**Given data**
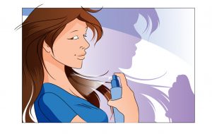 young woman spraying deodorant
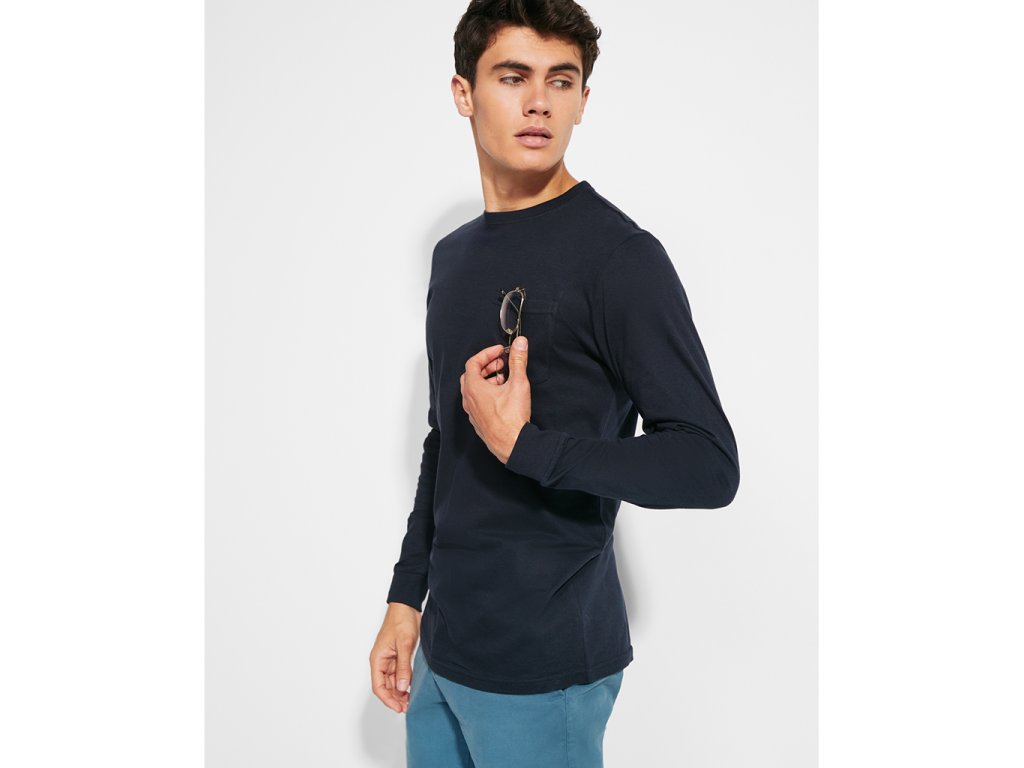 Triko s dlouhými rukávy a kapsičkou na levé straně. Zpevněné skryté švy na průkrčníku a na ramenou. Rukávy jsou zakončeny manžetami, průkrčník je žebrovaný.
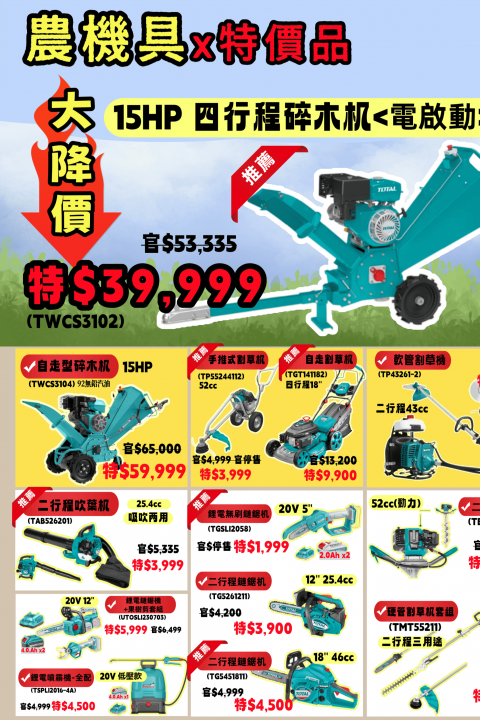 您沒看錯﹐我們也有農機商品。 眾多商品TOTAL官網漲價﹐義天都沒有調漲唷!! 農機具限時優惠 割草機|碎木機|噴霧機|背負式工具|吹葉機 鋰電/油式 通通有特價! 想看現貨、想試機都歡迎! 單割草機就有 : 背...
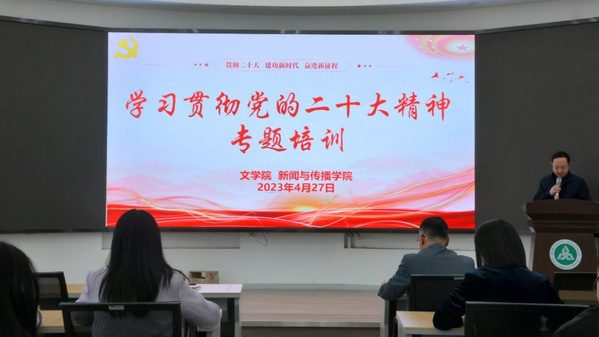 本网讯(院大学生新闻宣传中心记者 郭欣妍)为进一步深入学习贯彻党的二十大精神,不断提高学院干部队伍的党性修养和综合素质,4月27日下午,文学院、新闻与传播学院(以下简称“新传院”)于一号楼1607多功能厅联合开展“学习贯彻党的二十大精神”专题培训班开班仪式及第一场培训。两院相关党员干部、党员教师参加,新传院党总支书记徐晓主持仪式。
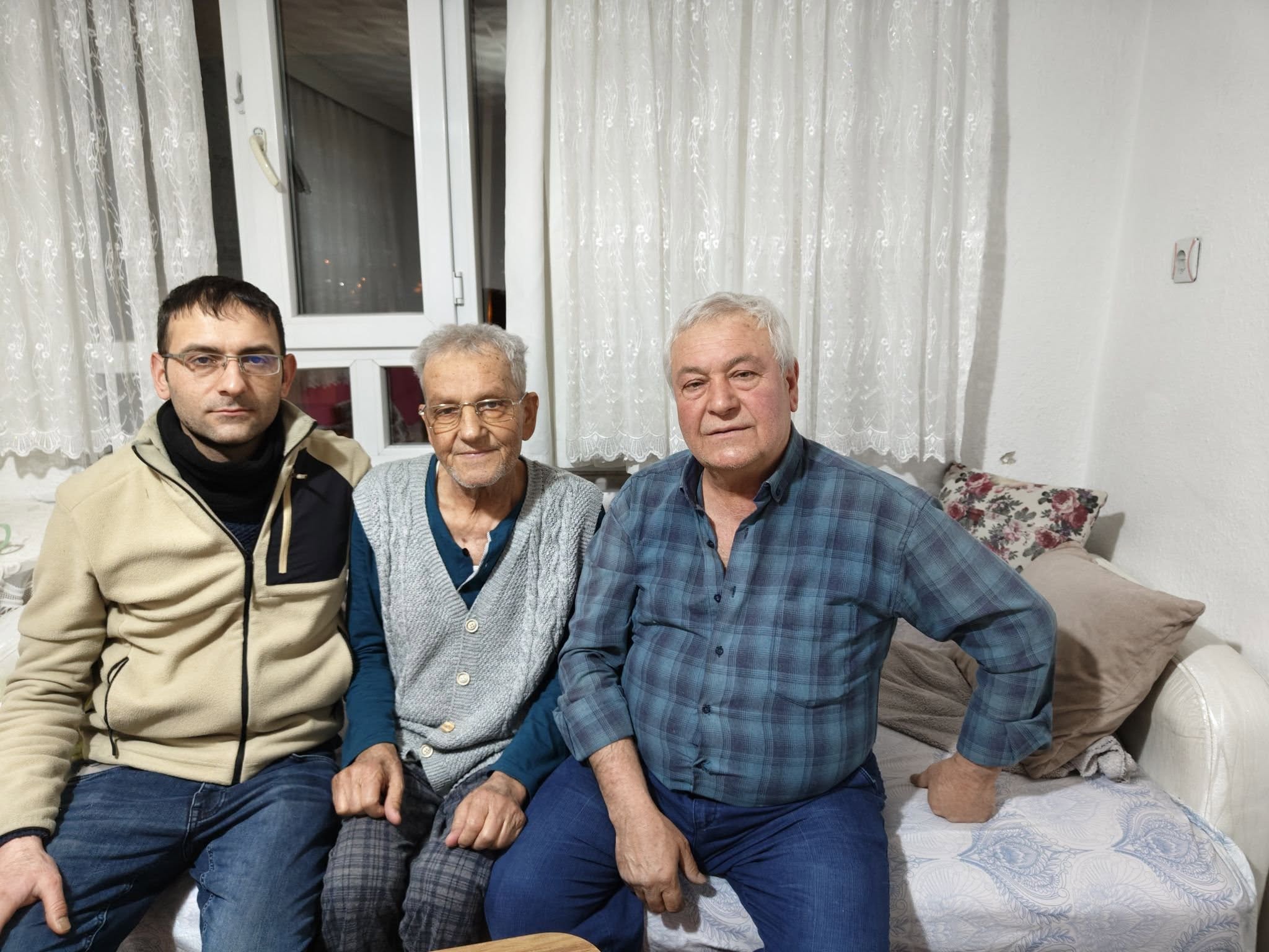 Çekilen son fotoğraf anılarda kaldı. Sağ tarfta Mustafa. ortada vefat eden Adem ve solda gazetci ve matbaacı Salih Tutum
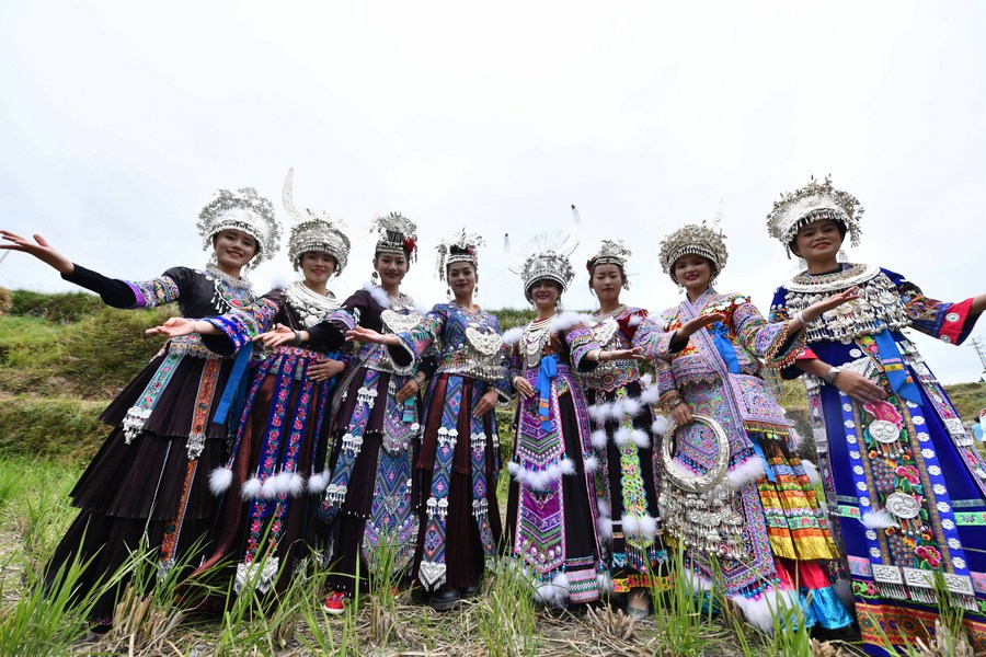 Women of the Miao ethnic group show their costumes during an event celebrating the harvest season in Rongshui Miao Autonomous County, south China's Guangxi Zhuang Autonomous Region, Oct. 15, 2021. (Xinhua/Huang Xiaobang)

**Work instructions**
Leave out the pictures and repeat the lines from the start of the material through the line with "Triko s dlouhými", inclusive.

**Task response**
 young woman spraying deodorant
 Triko s dlouhými rukávy a kapsičkou na levé straně. Zpevněné skryté švy na průkrčníku a na ramenou. Rukávy jsou zakončeny manžetami, průkrčník je žebrovaný.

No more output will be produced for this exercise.